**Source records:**

╭──

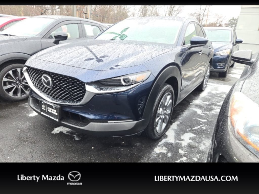 Liberty Mazda is proud to present you with another True Market Priced Pre-Owned Vehicle. This 2025 Mazda CX-30 2.5 S Premium Package is loaded with the following Factory Options: 12 Speakers, 4-Wheel Disc Brakes, ABS brakes, Air Conditioning, Alloy wheels, AM/FM radio: SiriusXM, AppLink/Apple CarPlay and Android Auto, Auto High-beam Headlights, Automatic temperature control, Brake assist, Bumpers: body-color, Cargo Net, Compass, Delay-off headlights, Driver door bin, Driver vanity mirror, Dual front impact airbags, Dual front side impact airbags, Electronic Stability Control, Emergency communication system: Mazda Connected Services (3-year trial subscription included), Exterior Parking Camera Rear, Front anti-roll bar, Front Bucket Seats, Front Center Armrest, Front dual zone A/C, Front reading lights, Front wheel independent suspension, Fully automatic headlights, Heads-Up Display, Heated door mirrors, Heated Front Bucket Seats, Heated front seats, Illuminated entry, Knee airbag, Leather Seat Trim, Leather Shift Knob, Leather steering wheel, Low tire pressure warning, MAZDA CONNECT Infotainment System, Memory seat, Navigation system: MAZDA CONNECT, Occupant sensing airbag, Outside temperature display, Overhead airbag, Overhead console, Panic alarm, Passenger door bin, Passenger vanity mirror, Power door mirrors, Power driver seat, Power Liftgate, Power moonroof, Power steering, Power windows, Radio data system, Radio: AM/FM/HD Audio w/Mazda Online Navigation, Rain sensing wipers, Rear seat center armrest, Rear side impact airbag, Rear window defroster, Rear window wiper, Remote keyless entry, Speed control, Speed-sensing steering, Split folding rear seat, Spoiler, Stainless Steel Rear Bumper Guard, Steering wheel mounted audio controls, Tachometer, Telescoping steering wheel, Tilt steering wheel, Traction control, Trip computer, Turn signal indicator mirrors, Variably intermittent wipers, and Wheels: 18" x 7J Aluminum Alloy!!
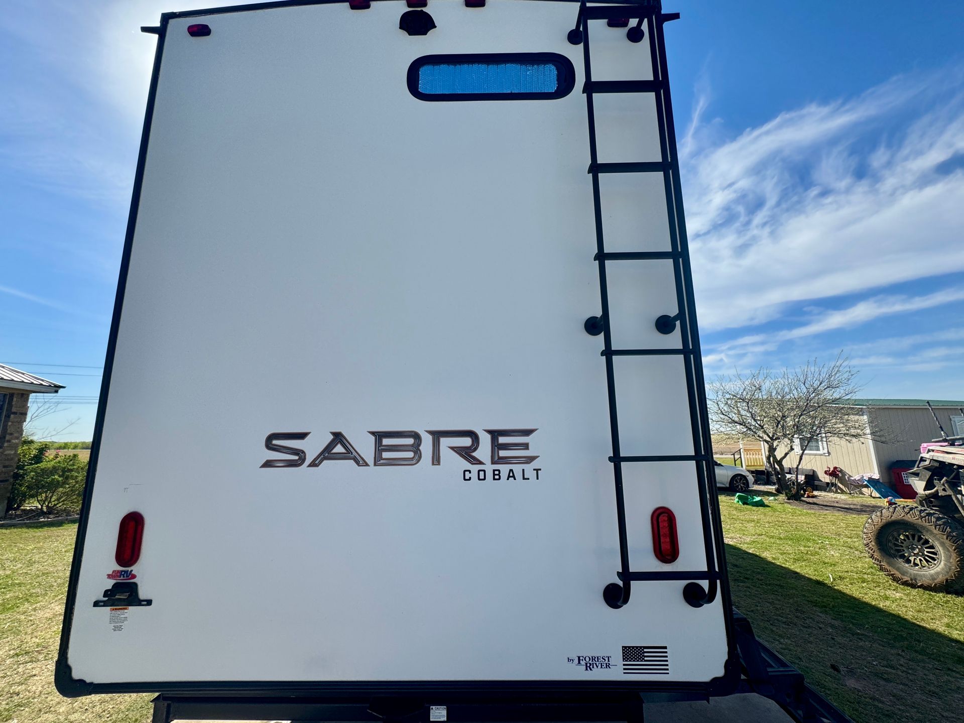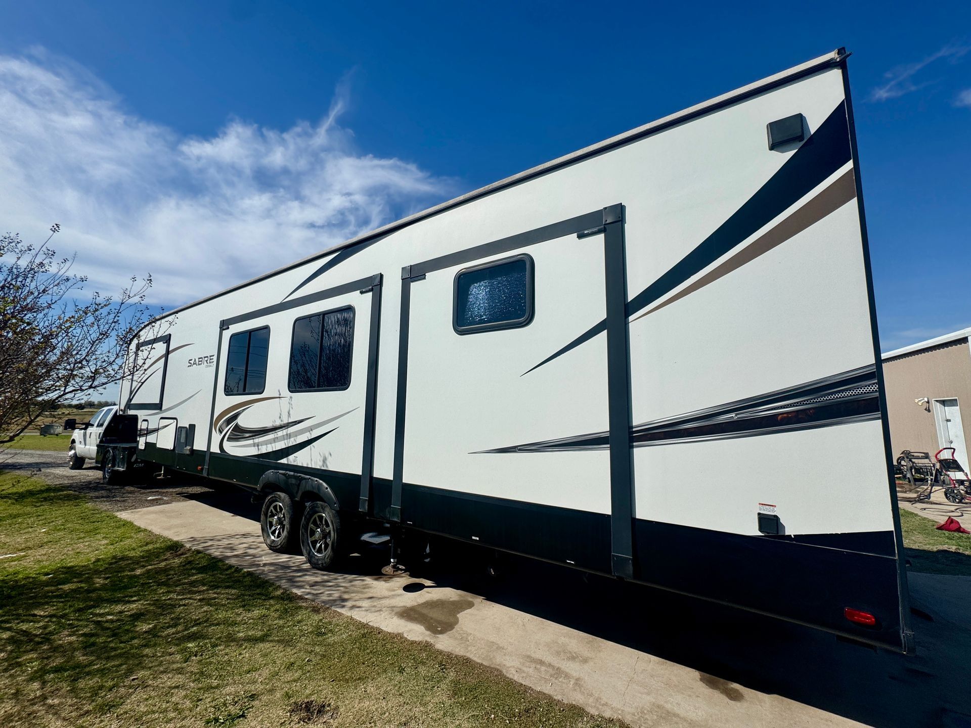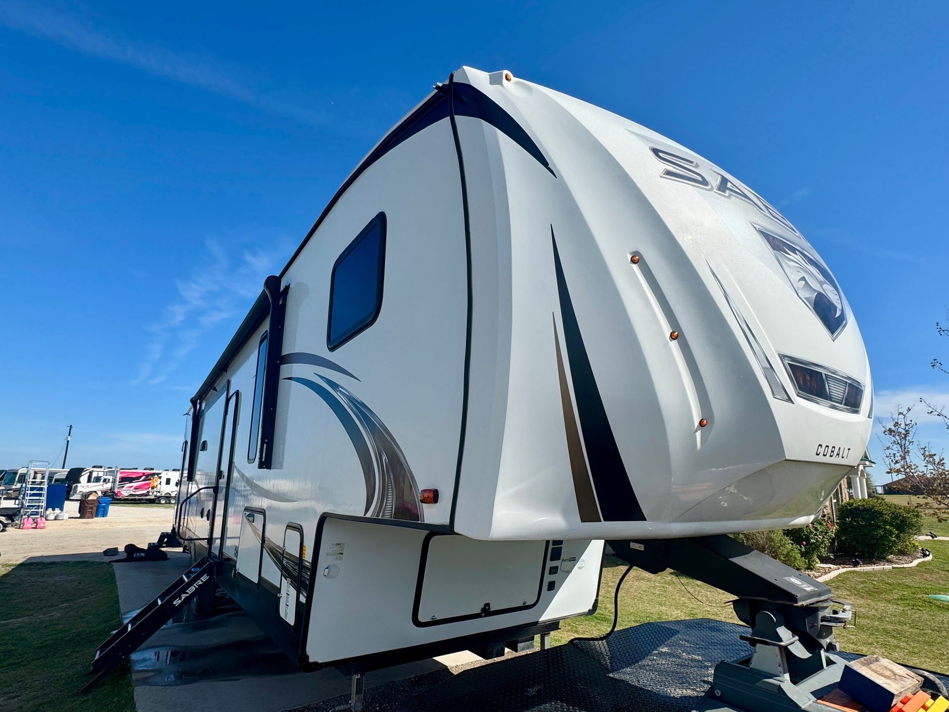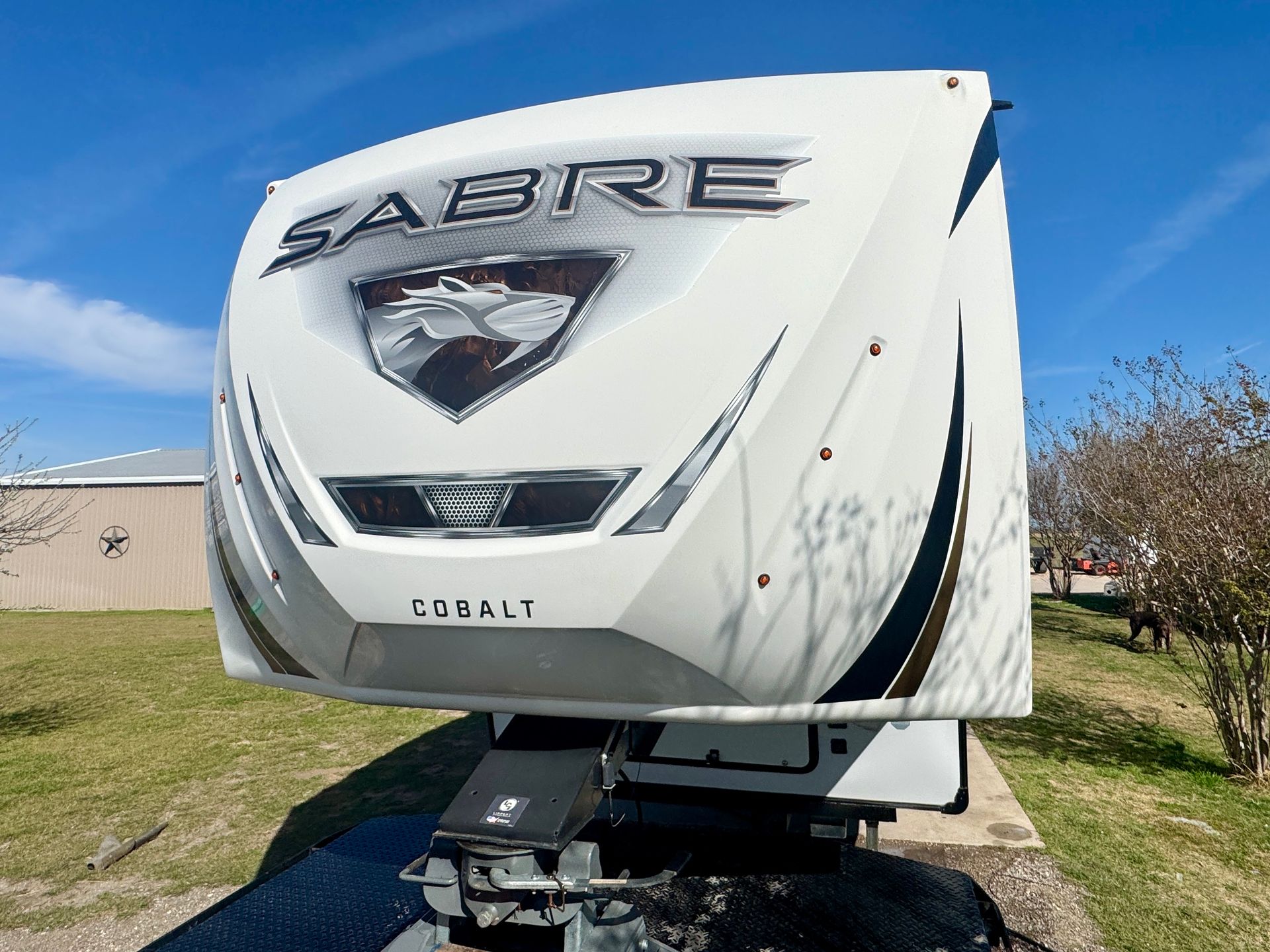 The 2021 Sabre 38DBQ fifth wheel comes with a residential fridge, a kitchen island with sink, gas stove & oven. The master room has a queen bed and full bath. The bunk room with 3 twins and a full size pull out couch also features a second full bath. 50 amp, 3 grey tanks, 2 black tanks with a self clean system.
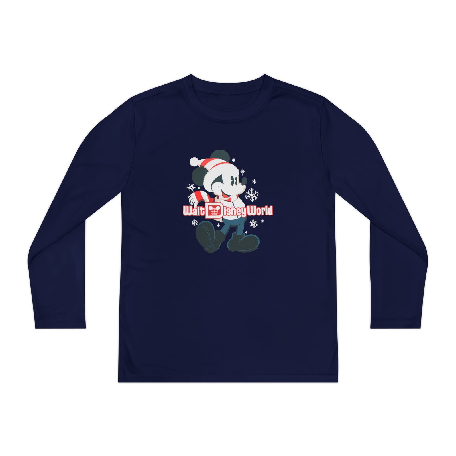 A lightweight Corey Scherer Disney Holiday Mickey long-sleeve designed for active kids who lean into darker, atmospheric style. The shirt’s smooth, moisture-wicking polyester keeps movement unhindered and dries fast after practice or a day outside. The front art drops into a stormy, grayscale scene crowned by a jagged flash of lightning and moody gothic lettering — a bold, quietly rebellious statement that pairs with skate nights, band practice, or just hanging with friends. The athletic cut skims the body for an energetic silhouette, while the tear-away label keeps comfort high. Warmth is balanced with breathability, so it layers easily under a jacket or wears solo on cooler evenings.
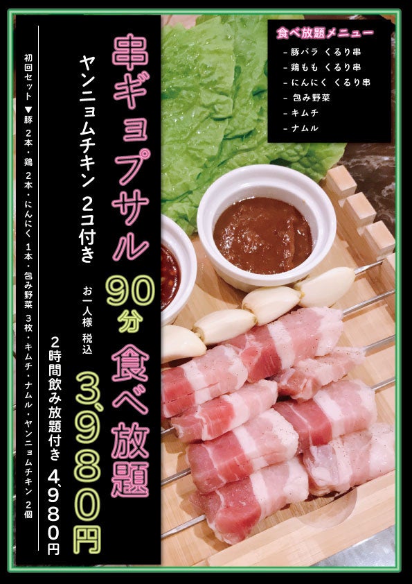 この度、5月9日(火)より期間限定で、若い女性に人気の韓国グルメをとり入れた「串ギョプサル90分食べ放題」をお一人様3,980円(税込)で提供開始いたします。豚バラ串(串ギョプサル)、鶏もも串、にんにく串、サンチュなどの包み野菜、キムチ、ナムル、ピリ辛 味噌ソース、30種類以上の各種スパイスの全てが食べ放題です。さらに、プラス1,000円(税込)で、2時間飲み放題もお楽しみいただけます。初回セットには、ヤンニョムチキン2個をサービスいたします。串ギョプサルが食べ放題で楽しめるのは今だけです。
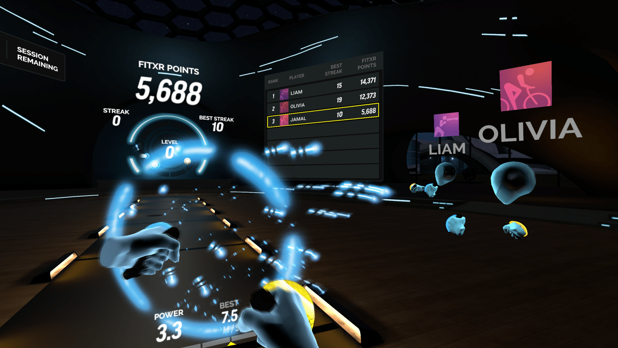 But the biggest upgrade here, at least in my mind, is what appears to be a slight tweak to one of the tougher elements of BoxVR. Along with your standard jab and cross hits, you also perform side-jabs and uppercuts. In the previous version of the game, these could be incredibly challenging to pull off accurately and, while mastering them provided some depth, missing these notes when you were sure you were pulling off the correct technique could be hugely demoralizing — not what you need in the middle of a workout. It might be the new visual style or tweaked mechanics, but this seems to be much less of an issue in FitXR. You’ll still need to plan ahead to make sure you’re hitting notes on time, but you shouldn’t be missing stray hooks and uppercuts anymore.

╰──

**Task goal:** Please repeat every record exactly as it stands, leaving out any pictures.

**Output of the exercise:**
 Liberty Mazda is proud to present you with another True Market Priced Pre-Owned Vehicle. This 2025 Mazda CX-30 2.5 S Premium Package is loaded with the following Factory Options: 12 Speakers, 4-Wheel Disc Brakes, ABS brakes, Air Conditioning, Alloy wheels, AM/FM radio: SiriusXM, AppLink/Apple CarPlay and Android Auto, Auto High-beam Headlights, Automatic temperature control, Brake assist, Bumpers: body-color, Cargo Net, Compass, Delay-off headlights, Driver door bin, Driver vanity mirror, Dual front impact airbags, Dual front side impact airbags, Electronic Stability Control, Emergency communication system: Mazda Connected Services (3-year trial subscription included), Exterior Parking Camera Rear, Front anti-roll bar, Front Bucket Seats, Front Center Armrest, Front dual zone A/C, Front reading lights, Front wheel independent suspension, Fully automatic headlights, Heads-Up Display, Heated door mirrors, Heated Front Bucket Seats, Heated front seats, Illuminated entry, Knee airbag, Leather Seat Trim, Leather Shift Knob, Leather steering wheel, Low tire pressure warning, MAZDA CONNECT Infotainment System, Memory seat, Navigation system: MAZDA CONNECT, Occupant sensing airbag, Outside temperature display, Overhead airbag, Overhead console, Panic alarm, Passenger door bin, Passenger vanity mirror, Power door mirrors, Power driver seat, Power Liftgate, Power moonroof, Power steering, Power windows, Radio data system, Radio: AM/FM/HD Audio w/Mazda Online Navigation, Rain sensing wipers, Rear seat center armrest, Rear side impact airbag, Rear window defroster, Rear window wiper, Remote keyless entry, Speed control, Speed-sensing steering, Split folding rear seat, Spoiler, Stainless Steel Rear Bumper Guard, Steering wheel mounted audio controls, Tachometer, Telescoping steering wheel, Tilt steering wheel, Traction control, Trip computer, Turn signal indicator mirrors, Variably intermittent wipers, and Wheels: 18" x 7J Aluminum Alloy!!
 The 2021 Sabre 38DBQ fifth wheel comes with a residential fridge, a kitchen island with sink, gas stove & oven. The master room has a queen bed and full bath. The bunk room with 3 twins and a full size pull out couch also features a second full bath. 50 amp, 3 grey tanks, 2 black tanks with a self clean system.
 A lightweight Corey Scherer Disney Holiday Mickey long-sleeve designed for active kids who lean into darker, atmospheric style. The shirt’s smooth, moisture-wicking polyester keeps movement unhindered and dries fast after practice or a day outside. The front art drops into a stormy, grayscale scene crowned by a jagged flash of lightning and moody gothic lettering — a bold, quietly rebellious statement that pairs with skate nights, band practice, or just hanging with friends. The athletic cut skims the body for an energetic silhouette, while the tear-away label keeps comfort high. Warmth is balanced with breathability, so it layers easily under a jacket or wears solo on cooler evenings.
 この度、5月9日(火)より期間限定で、若い女性に人気の韓国グルメをとり入れた「串ギョプサル90分食べ放題」をお一人様3,980円(税込)で提供開始いたします。豚バラ串(串ギョプサル)、鶏もも串、にんにく串、サンチュなどの包み野菜、キムチ、ナムル、ピリ辛 味噌ソース、30種類以上の各種スパイスの全てが食べ放題です。さらに、プラス1,000円(税込)で、2時間飲み放題もお楽しみいただけます。初回セットには、ヤンニョムチキン2個をサービスいたします。串ギョプサルが食べ放題で楽しめるのは今だけです。
 But the biggest upgrade here, at least in my mind, is what appears to be a slight tweak to one of the tougher elements of BoxVR. Along with your standard jab and cross hits, you also perform side-jabs and uppercuts. In the previous version of the game, these could be incredibly challenging to pull off accurately and, while mastering them provided some depth, missing these notes when you were sure you were pulling off the correct technique could be hugely demoralizing — not what you need in the middle of a workout. It might be the new visual style or tweaked mechanics, but this seems to be much less of an issue in FitXR. You’ll still need to plan ahead to make sure you’re hitting notes on time, but you shouldn’t be missing stray hooks and uppercuts anymore.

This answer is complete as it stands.